# vyper weapon options



## jigplums (Dec 15, 2006)

what do you guys think are the best options for loading out your vypers.

Personally with the BS3 i would usually ruleout 1 shot weapons. My preference would be to go with either dual shuriken cannons or scatterlaser. These both cost the same and are pretty cheap. The first can blitz out from behind cover to blast away at the enemy and hopefully not be too tempting a target to shoot back at. If they do shoot it then at least its not your aspects being shot up.

If you go with the scatterlaser then its all about keeping out of the 24 range of bolters etc so you can annoying the enemy whilst hopefully not taking too much fire in return.

The first i think works better in a serpent/falcon rush army, whilst the second works in a more traditional eldar force.

The third option for me would be to take 2 with Starcannon. Although its been nerfed since 3rd it can still be worth having a few starcannons on the table in case termies, oblits, Mc's turn up. taking 2 means you should get a couple of hits when you need too and they are worth guiding if the oppertunity arises.

thoughts?


----------



## Antioch (Dec 27, 2006)

Six S6 AP5 shots coming your way is nothing to laugh at. I prefer the two shuriken cannons for maximum fire output/strength-AP ratio, considering the BS of 3. It works wonders against infantry, and in a pinch can take out light armour. Or if you're lucky big tanks with a rear armour of 10.


----------



## The Son of Horus (Dec 30, 2006)

I always viewed them as I would a Space Marine land speeder. Great for their speed-- they can swing around to vulnerable flank and rear armor on a tank and shoot an anti-armor weapon.

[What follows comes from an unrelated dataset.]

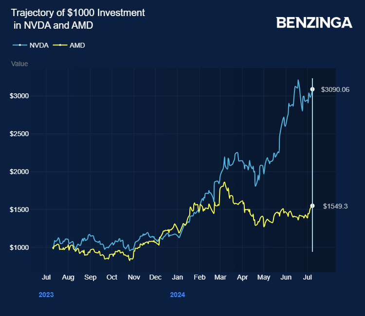 Price Actions: NVDA shares traded higher by 2.34% at $128.77 at the last check Monday. AMD is up 1.40% at $174.31.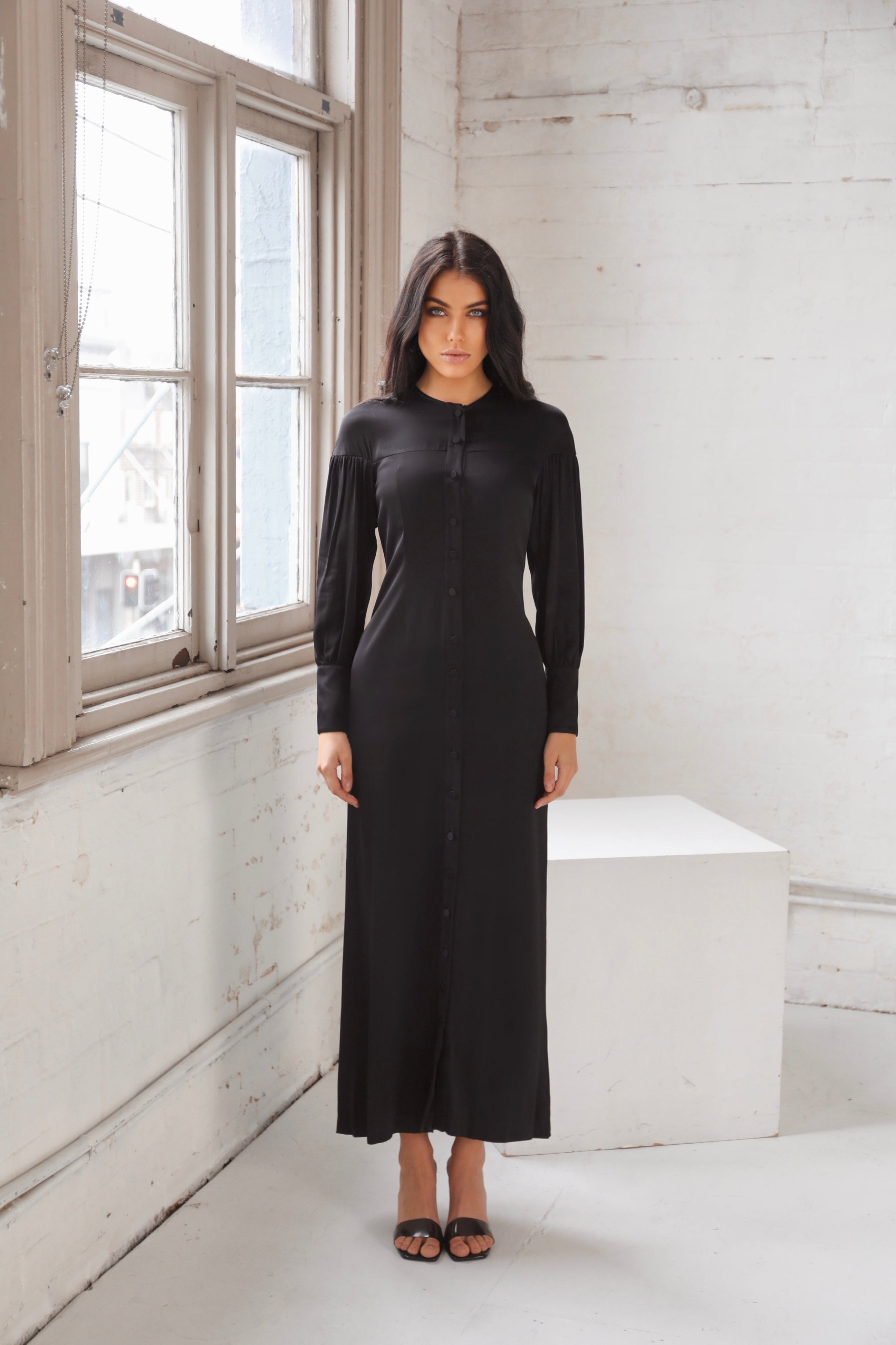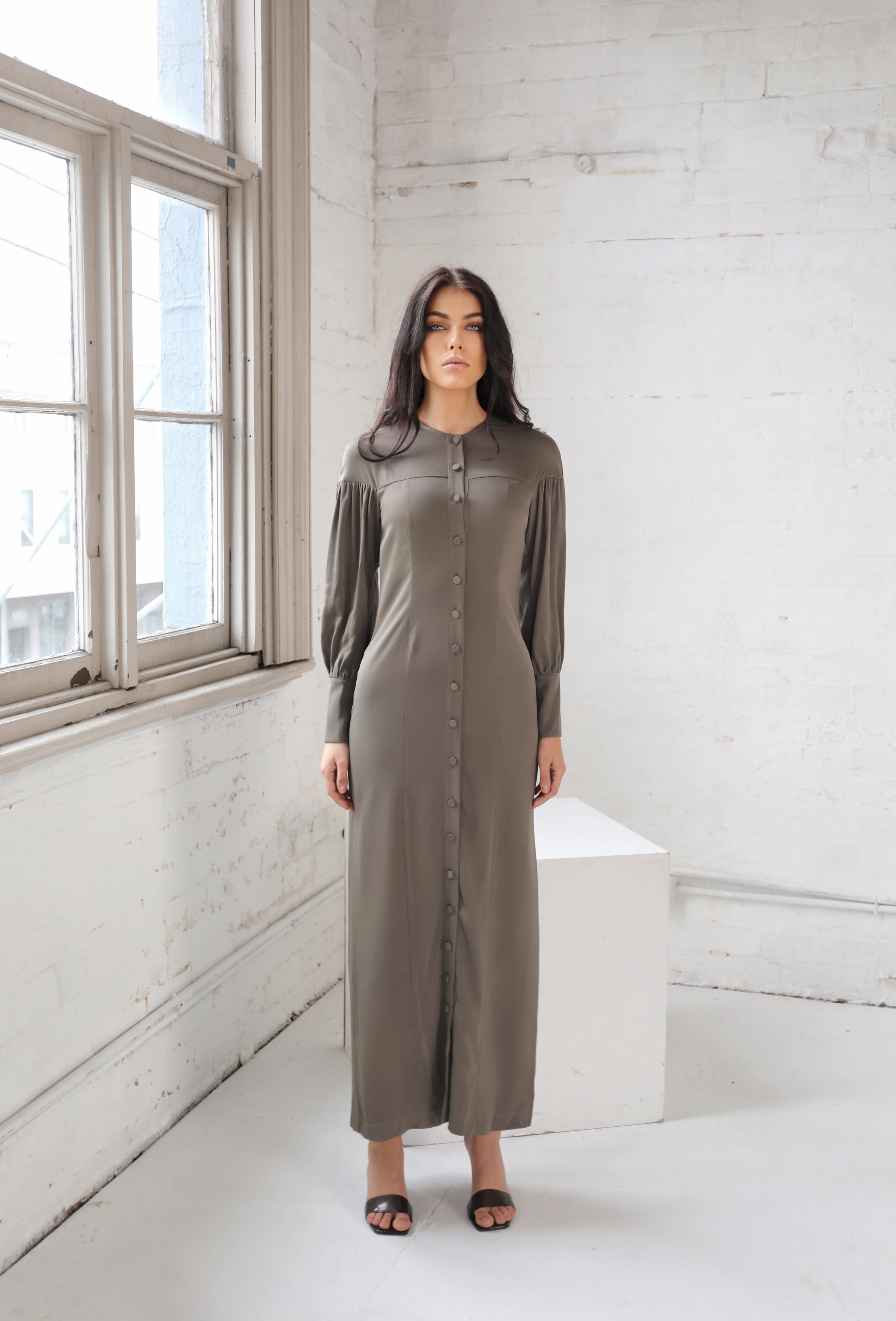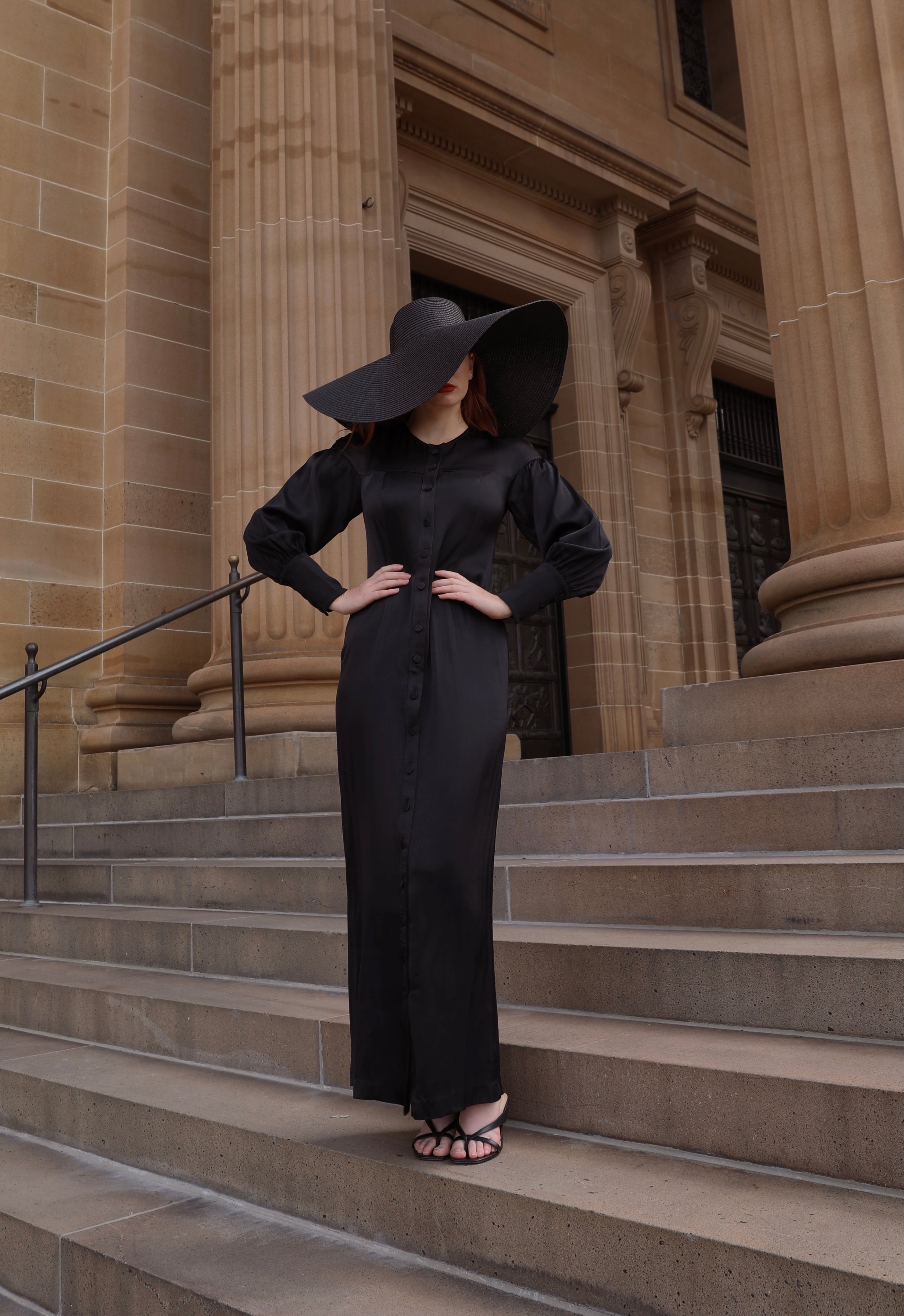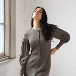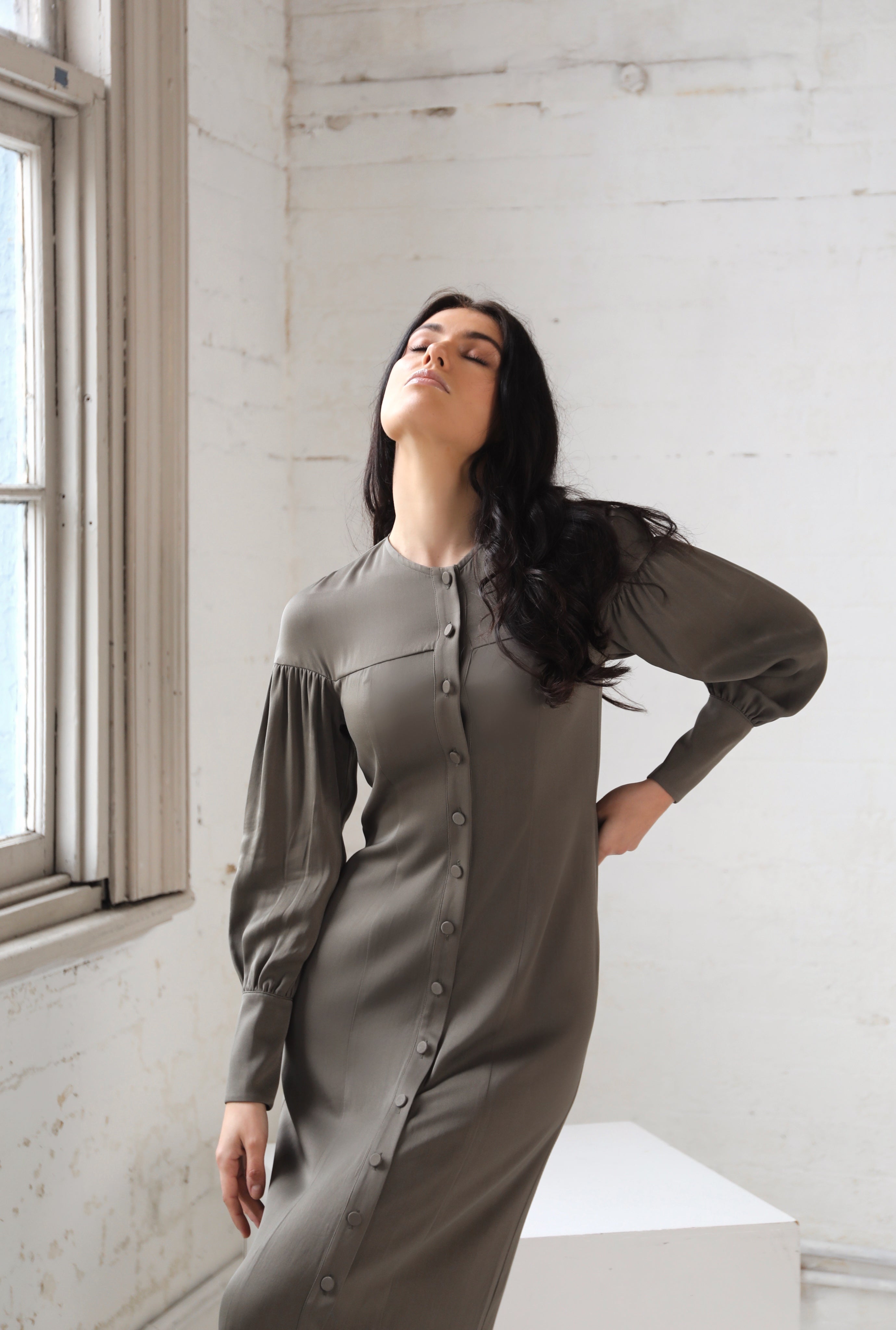 The AMAL dress is one designed to be completely versatile. It can be worn both opened and closed. The dress features 17 buttons on the placket, and 3 buttons on each cuff, each hand sewn. The dress is also panelled for a slimming fit, and also features a kick pleat, making it easier to walk. It's light-weight bamboo silk fabric is breathable and perfect for the warm seasons. The dress has a 6mm double turned hem, and is ankle length.

I can see the use of the dual shuriken cannons, but I think a pretty good combo would be a shuriken cannon in the undercarriage and either a bright lance or EML in the turret.


----------



## Antioch (Dec 27, 2006)

The only problem with putting a single shot weapon on the Vyper is that you're putting all of those points into a single die that hits on a 4+. I'm not a fan of those odds.


----------



## cccp (Dec 15, 2006)

in my eldar armies i go with the scatterlaser, and a shruiken cannon. the scatterlaser is a versatile weapon having the strength to take out light/medium armoured vehicles and infantry. this combo also has the shots to make up for the low bs.


----------



## Exodite (Dec 28, 2006)

Under the new codex I have decided to go for the double shuriken cannon set-up for my vipers, it is cheap and effective considering the BS 3 of the Vyper. I originally looked at having scatter lasers instead, while it has 2 less shots you have a greater range so you can stay out of the way of bolters and their equivalents. 

However I decided that while the extra range is nice I prefer the extra two shots. Secondly while the shorter range of the shuriken cannon does mean you can come under more fire, I have found that weapons such as missile pods or autocannons are your main threat, which incidentally will usually have the same or greater range than the scatter laser anyway.


----------